I enjoy reading posts from a few select authors on LinkedIn. One of those authors is Lisa Stambaugh, a content writer, who has a legion of informed and intelligent posters.  She is like Susan Rooks, the Grammar Goddess, in that both remind me how very much I do not know.  It’s worse than that. I read their posts and subsequent comments from a veiled position in my library so that no one can see me.

Recently Lisa posted a question regarding favors. She asked her readers how they conduct themselves when asked for personal or professional advice. There were a great many responses, although mine was not one of them.

But it’s a great question. And being in the plant business, I get requests from important and powerful people, such as attorneys or high-profile developers in the marketplace regarding, principally, why their flowers or their spouse’s flowers are not blooming.

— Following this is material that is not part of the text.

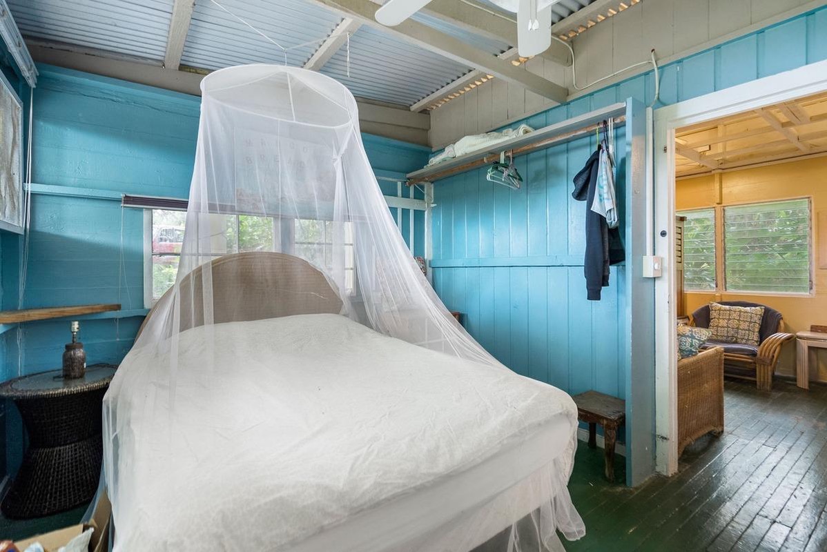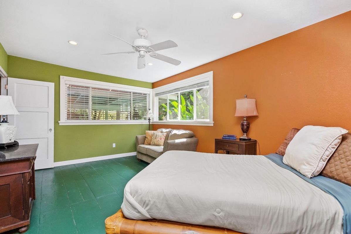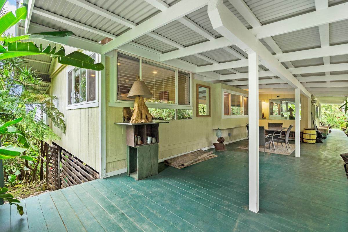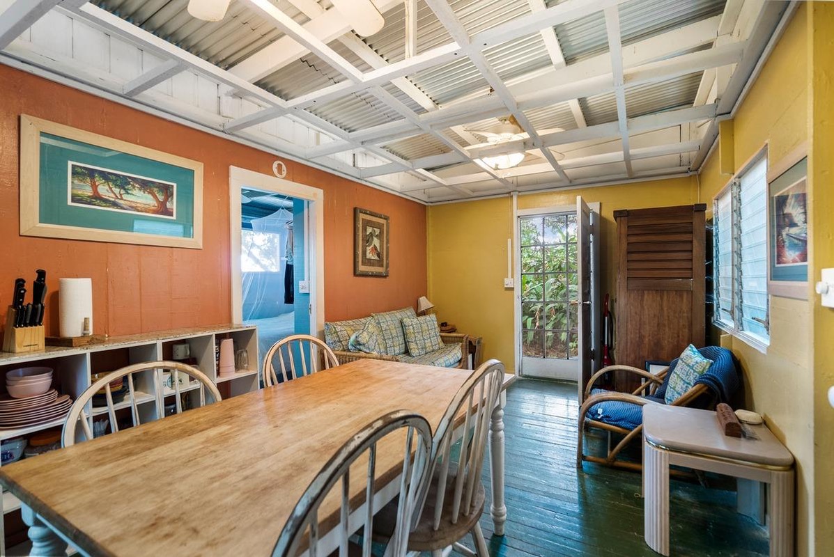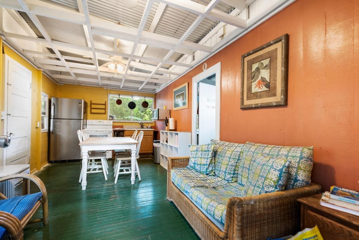 The main house features a large kitchen, expansive living and dining areas, 3 bedrooms, and 2 baths. Within the main house is a lovely guest suite with its own separate outside entrance. Including a full bath, kitchen with Koa cabinets and features a beautiful bedroom/library made from repurposed redwood from vintage catchment tanks . It also has an ocean-side lanai with an open air shower and fantastic ocean and sunset views.

The answer typically goes down many rabbit holes. But the question du jour seems to be: What type of client is asking for the favor?  And that, it seems to me, helps me give the appropriate response.

And when a client asks me to solve a plant problem, I go full-in with the answer.

I take soil and tissue tests of the subject plant. I go to their homes and take pictures. I carefully analyze laboratory results.  I provide them with a full-blown report complete with the analysis and the answer to their problems.

What an incredible marketing opportunity we all have when asked to render a favor regarding our area of expertise! You cannot buy that type of marketing exposure.

The most memorable result I obtained from providing a diagnosis as to why an attorney’s fruit trees would not bloom was evidenced at a seminar for attorneys that I attended.  Midway through the presentation, with no warning or segue, the speaker, who had asked a favor of me, gave a testimonial that could have been printed in a marketing magazine. It ended with something like, “If you ever have a plant problem or an issue with trees, be sure to see Joe.”  There’s no way I could’ve paid for that endorsement. The limbs of his fruit trees were cracking from the weight of the new produce hanging thereon, which he learned after my involvement and advice at no charge.  A favor.

For me, in my little niche of the marketplace, being asked for advice is a red-letter day. I have just been given an opportunity to market myself in a way that money could not buy. And I perform as if it were the most important assignment of my career. It may well be just that.

Susan Rooks and Lisa Stambaugh provide examples of free favors in their posts as well. I have this perspicacious notion that they do very well in their chosen professions.

The articles presented here do not make any legal recommendations or representations, as the author is not qualified to do so. These articles are for educational and entertainment purposes only. Seek the advice of a qualified attorney regarding questions of law.